Week 1: zwangerschap & baring (fysiologie) leerdoelen:
Je kunt de anatomie en functie van de vrouwelijke geslachtsorganen,
placenta, vliezen en navelstreng benoemen
Uitwendige vrouwelijke geslachtsorganen:
- Vulva
o Dit zijn alle uitwendige geslachtsorganen, behalve de schaamlippen.
- Vaginaopening (introïtus)
o Wordt begrensd door een epitheelplooi: het maagdenvlies of hymen. Het
verscheuren van het maagdenvlies heet defloratie. Dit gebeurt na een eerste
geslachtsgemeenschap. Na het verscheuren blijven resten over: de hymenresten.

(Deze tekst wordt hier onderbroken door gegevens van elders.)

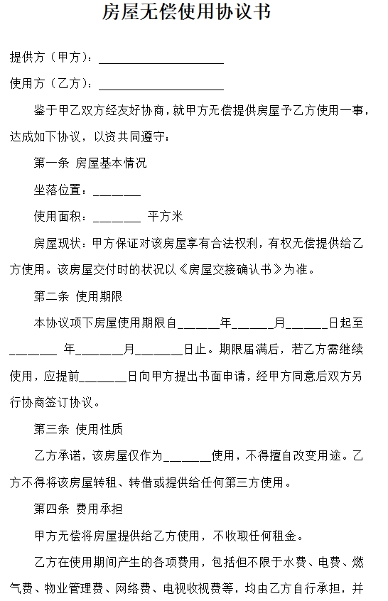 房屋无偿使用协议书
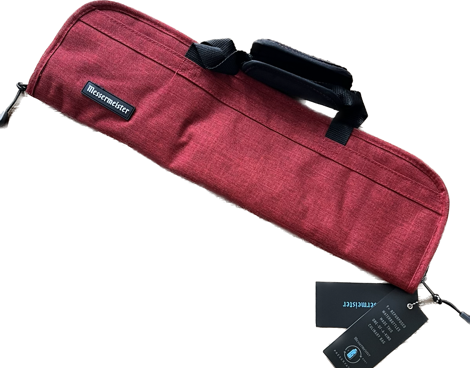 The Messermeister Preservation Collection is the first knife luggage with woven fabric made from 100% recycled water bottles. The new material has a luxurious soft feel and heavier weight, but is priced the same as the best-selling polyester bags. The aim is to eventually replace all Messermeister staple 600D polyester bags with the highly durable recycled water bottle fabrics. 9 recycled water bottles were used to create a 5 Pocket Bag. Shoulder strap included.
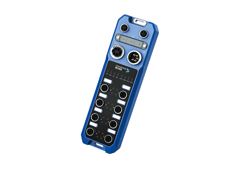 具有八个多功能主端口的工业级IO-Link主站模块CK-GW208-PN。IP67等级的现场总线模块是分布式安装中的重要组件,取代了复杂的布线和昂贵的接线盒,实现通信网络到现场的“最后几英尺”技术标准。
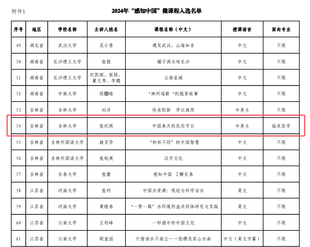 近日,国家留学基金管理委员会正式公布2024年“感知中国”微课程与实践基地入选名单,经公司推荐、专家审核,全国共有151个作品入选2024年“感知中国”微课程。其中,由公司MBBS医学汉语课程授课团队的张纪周副教授作为主讲人申报的作品—《中国春天的农历节日》,成功入选本次微课程项目。
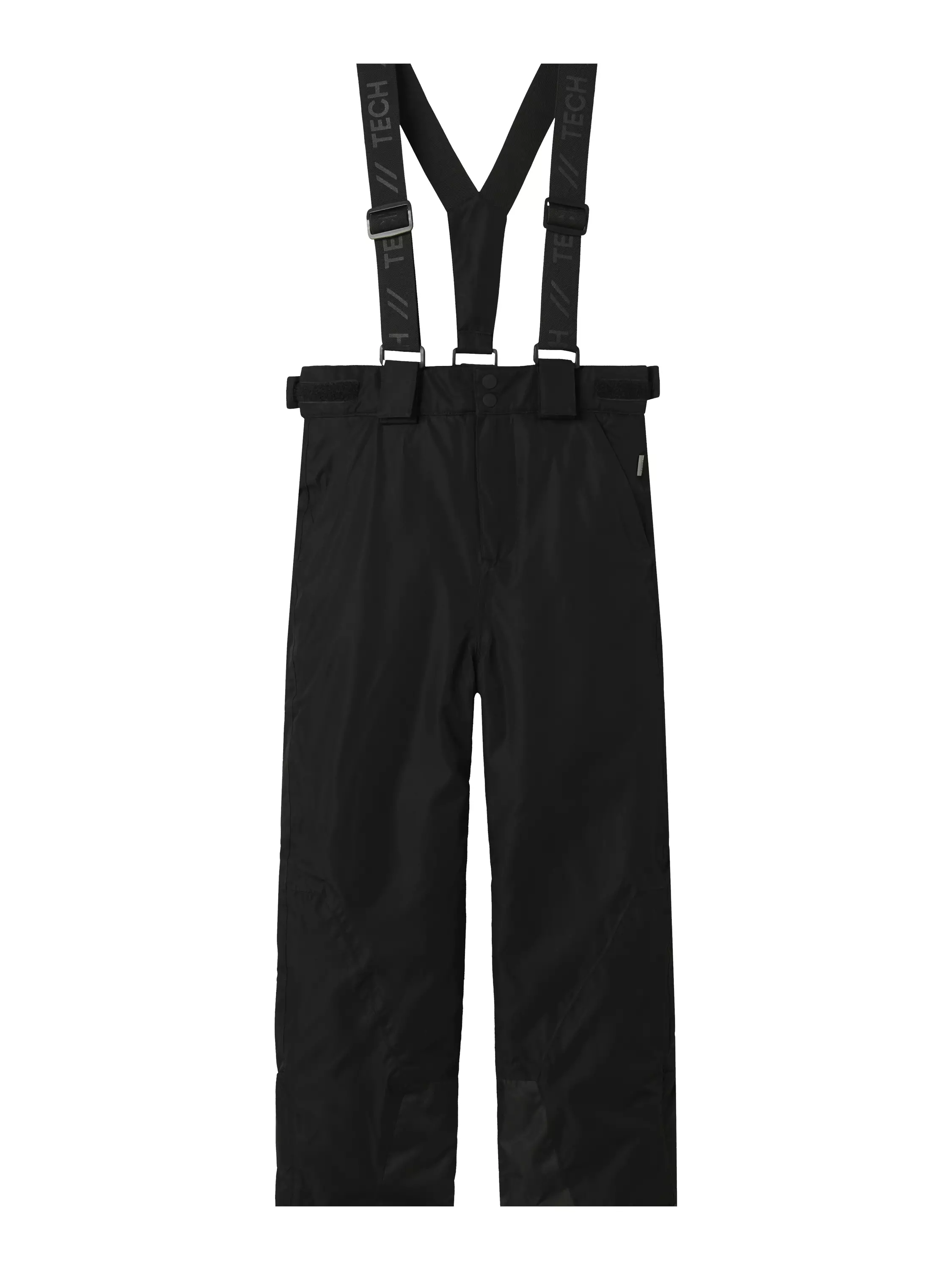 Name it lasten toppahousut/lasketteluhousut. Housuissa vetoketjutaskut, lumilukot lahkeissa sekä irroitetavat henkselit. Vyötäröllä tarranauhakiristys.
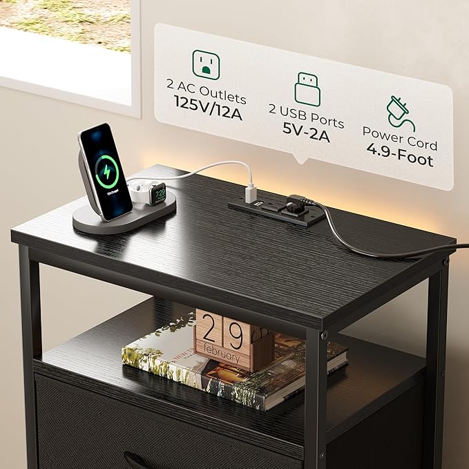 About This 【Nightstands with 2 Power Strips】Find more charging spots on the tabletop of the nightstands set of 2. 2...
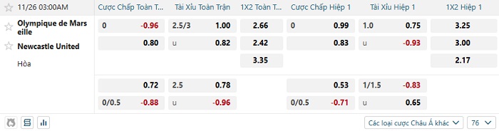 Tip kèo Châu Á full trận Marseille vs Newcastle
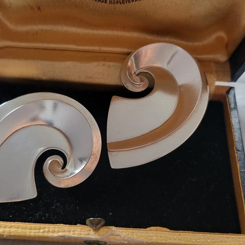 Øredobbene er i forgylt sølv, og er klips.
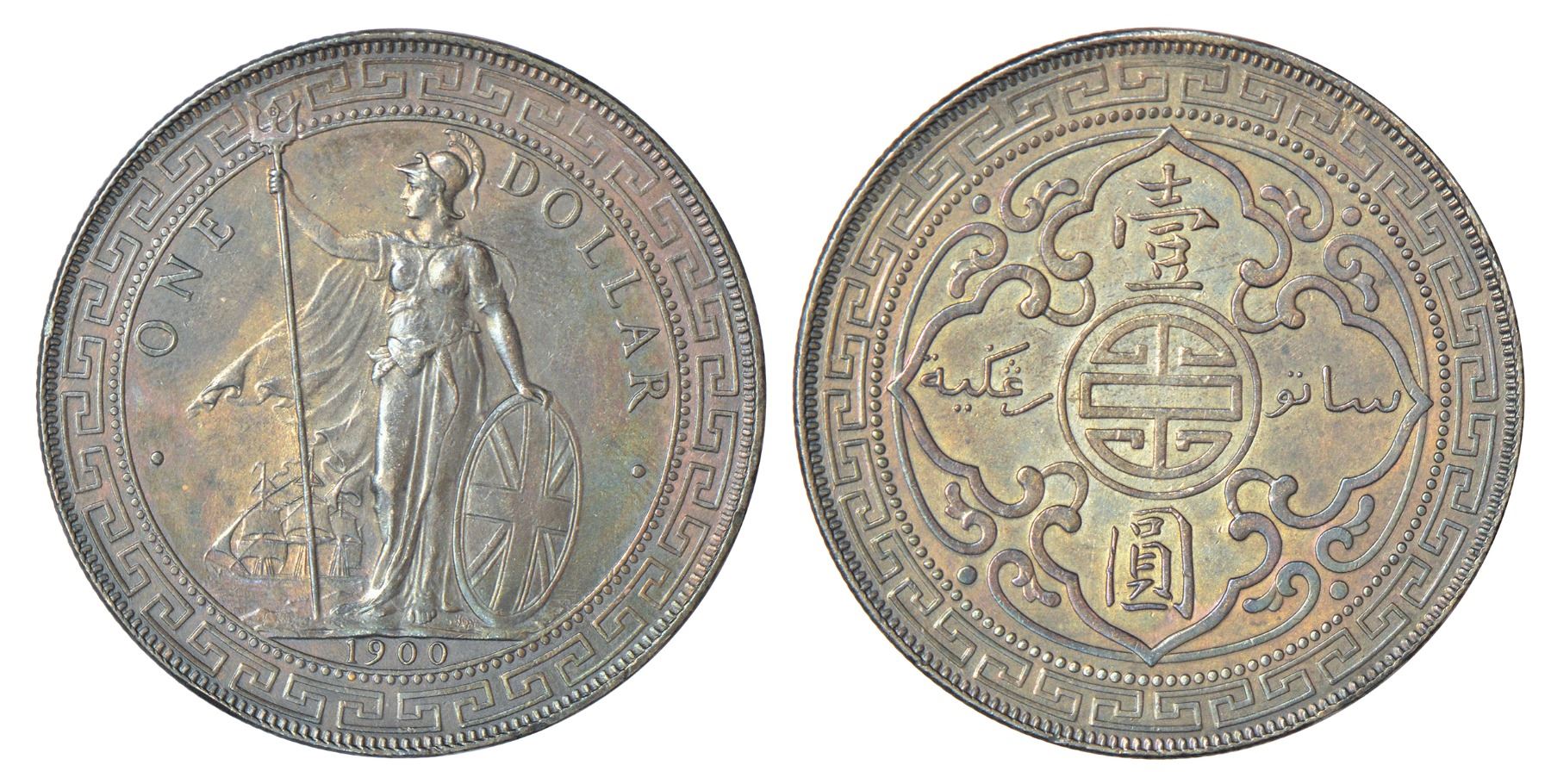 Foreign: Great Britain, trade coinage, silver dollar, Bombay mint, 1900, KM T5, 26.85g. Obv: Britannia standing holding a trident. Rev: Chinese characters and Malay script in ornamental flower.
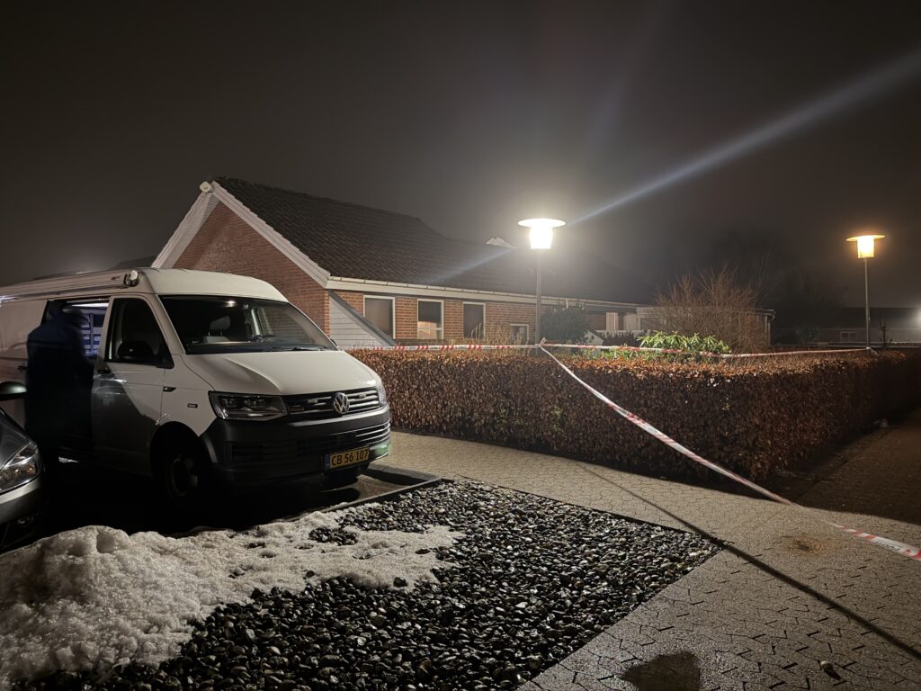 Politiets teknikere er blandt andre på adressen for at undersøge hændelsen nærmere.
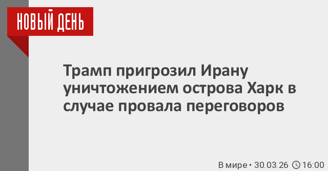 Президент США Дональд Трамп выдвинул жесткий ультиматум Ирану, пригрозив уничтожением всех электростанций, нефтяных скважин и стратегически важного острова Харк, на котором расположена нефтяная экспортная инфраструктура, в случае провала переговоров о прекращении войны.
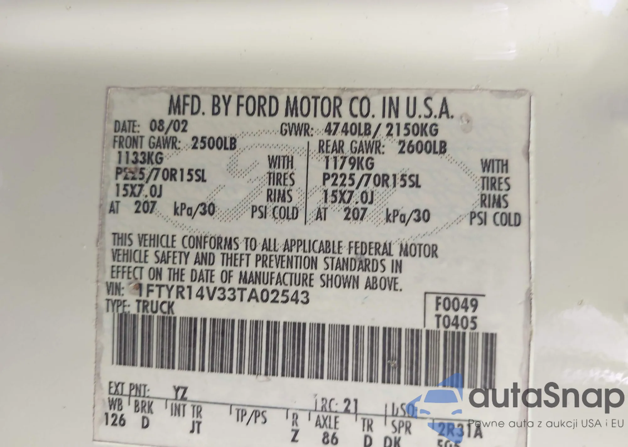 LOT: 43139255 VIN: 1FTYR14V33TA02543
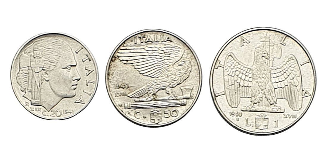 ITALY 20, 50 centesimi & 1 lira / Mussolini Fascist Era / coins lot / 3 pcs.
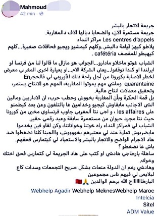 وبحسب عدد من التدوينات التي جرى نشرها عبر الفيسبوك، فإن حالة من الرعب الحقيقي يعيشها العاملين بمراكز النداء المنتشرة عبر ربوع المملكة، بسبب ظروف الاشتغال، حيث يتكدس المئات من المستخدمين داخل فضاءات تنعدم فيها شروط الوقاية من هذا الوباء، الأمر الذي يجعل من إمكانية انتشار الفيروس سهلا جدا، دون الحديث عن تنقلهم عبر حافلات صغيرة.
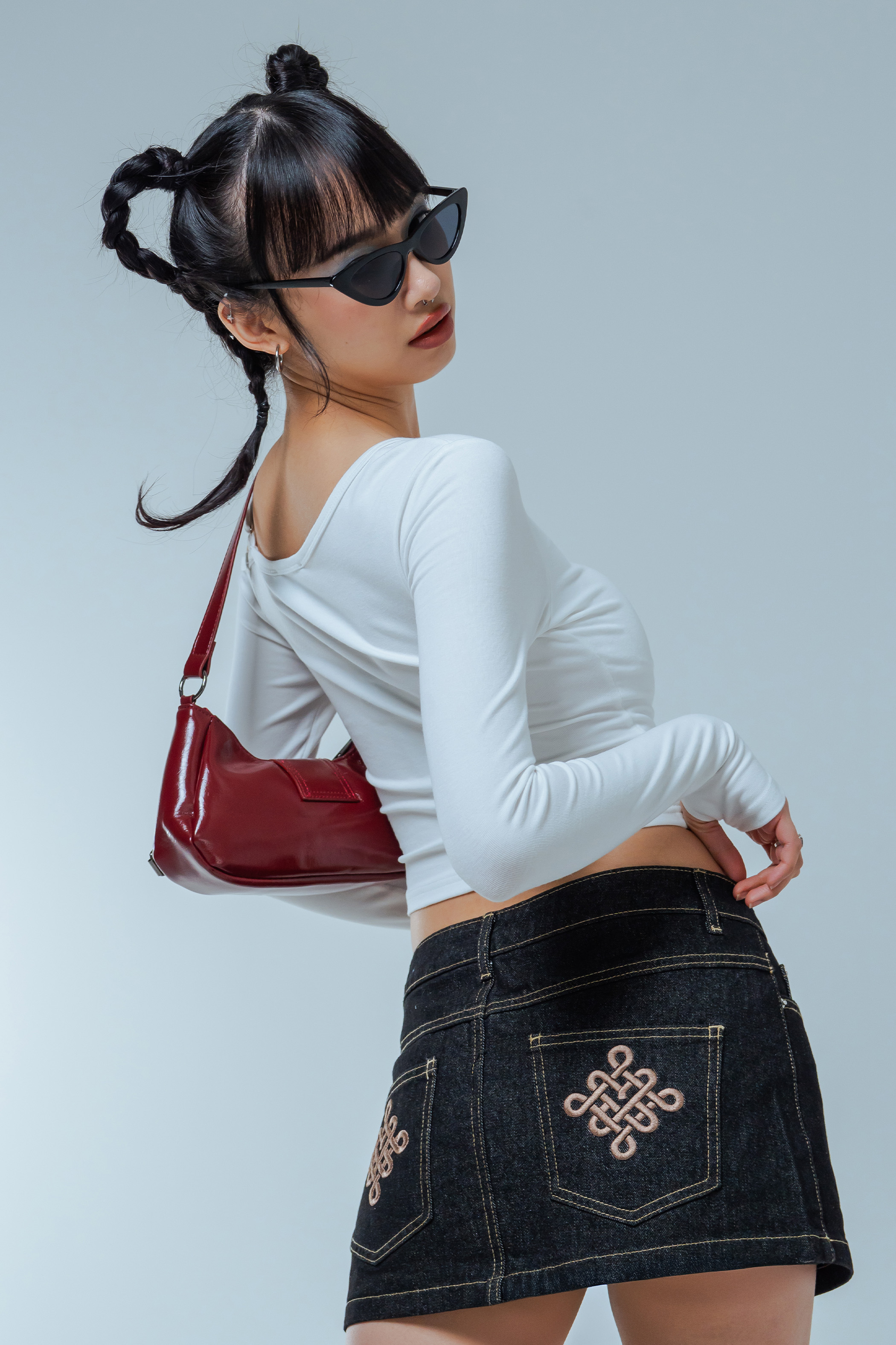 A mini made for festive moments — denim with attitude, finished with intricate Prosperous stitching on the back pocket. Its clean lines and playful length bring a youthful spark, while the crafted details add a celebratory touch. A skirt that feels both grounded and ready to shine.
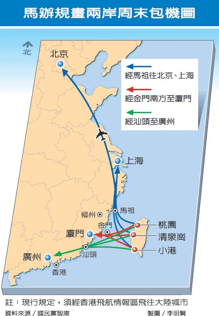 陳世圯指出,馬英九辦公室規(guī)劃北飛上海、北京班機(jī),走馬祖航線飛越海峽中線進(jìn)入上海飛航情報(bào)區(qū);往廣州的航班,經(jīng)金門(mén)附近由汕頭進(jìn)入廣州,往廈門(mén)航班則由金門(mén)附近偏南飛行,經(jīng)惠安抵廈門(mén),都不直接經(jīng)過(guò)金門(mén)上空,舍棄以往繞行香港飛航區(qū)限制;至于進(jìn)入大陸航線如何飛行,仍待兩岸協(xié)商。
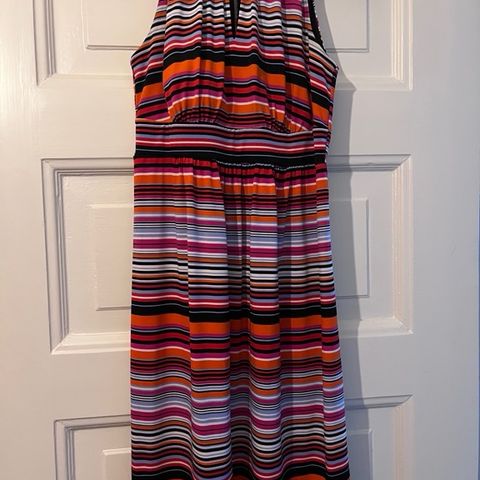 Kaunis musta mekko halterneck-yläosalla. Helmassa valkoinen kukkakuvio, sivussa vetskari. Takaosa joustaa selän kohdalta kuminauharypytyksen ansiosta, muuten joustamatonta puuvillakangasta. Laskokset vyötäröllä edessä ja takana. Koko 36. Ulottuu noin polveen asti. Sopii juhlaan ja arkeen. Ehjä ja hyväkuntoinen mekko. Nouto Kirkkonummelta tai postitus toridiilinä.
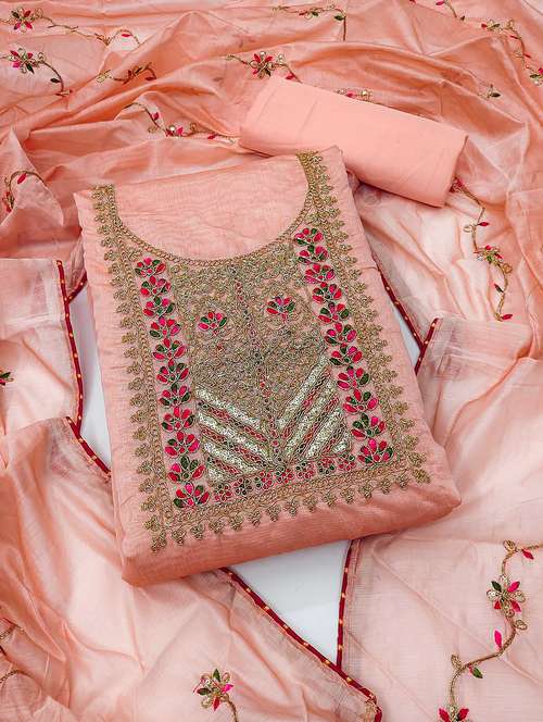 - Look ultra gorgeous in unstitched suits from Leeli Peeri Designer and grab these beautiful suits in peach colour.
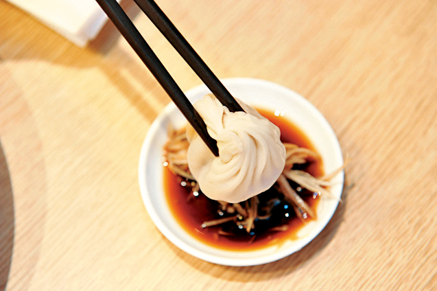 スープにしっかりとうまみがあるので、そのままでもおいしくいただける。蘇杭小籠包(スウハンシャオロンパオ)140元(8個)

- Grote schaamlippen (labia majora)
o Dit zijn behaarde huidplooien. In elke schaamlip bevindt zich de klier van Bartholin
die slijmerig vocht produceert. Dit vocht wordt uitgescheiden via een kleine opening
in de kleine schaamlip. Bij verstopping wordt de klier zichtbaar en voelbaar en treedt
er een infectie op: Bartholinitis. De grote schaamlippen beschermen de clitoris en de
kleine schaamlippen.
- Kleine schaamlippen (labia minora)
o Bedekken de clitoris. Bij seksuele opwinding zwellen de kleine schaamlippen op en
stimuleren ze de vaginale afscheiding. Dankzij dit vocht kan de penis gemakkelijk de
vagina in worden gebracht.
- Clitoris
o De clitoris is rijk voorzien van zenuwen en bloedvaten. Onder de clitoris ligt de
urinebuisopening met links en rechts de klieren van Skene, die een slijmerig vocht
kunnen produceren.
- Pubisstreek (mons pubis)
o Dit is het behaard onderhuids vetweefsel tussen de clitoris en de onderbuik
Inwendige vrouwelijke geslachtsorganen:
- Vagina (schede)
o Is de ruimte tussen het maagdenvlies of de hymenresten en de baarmoederhals.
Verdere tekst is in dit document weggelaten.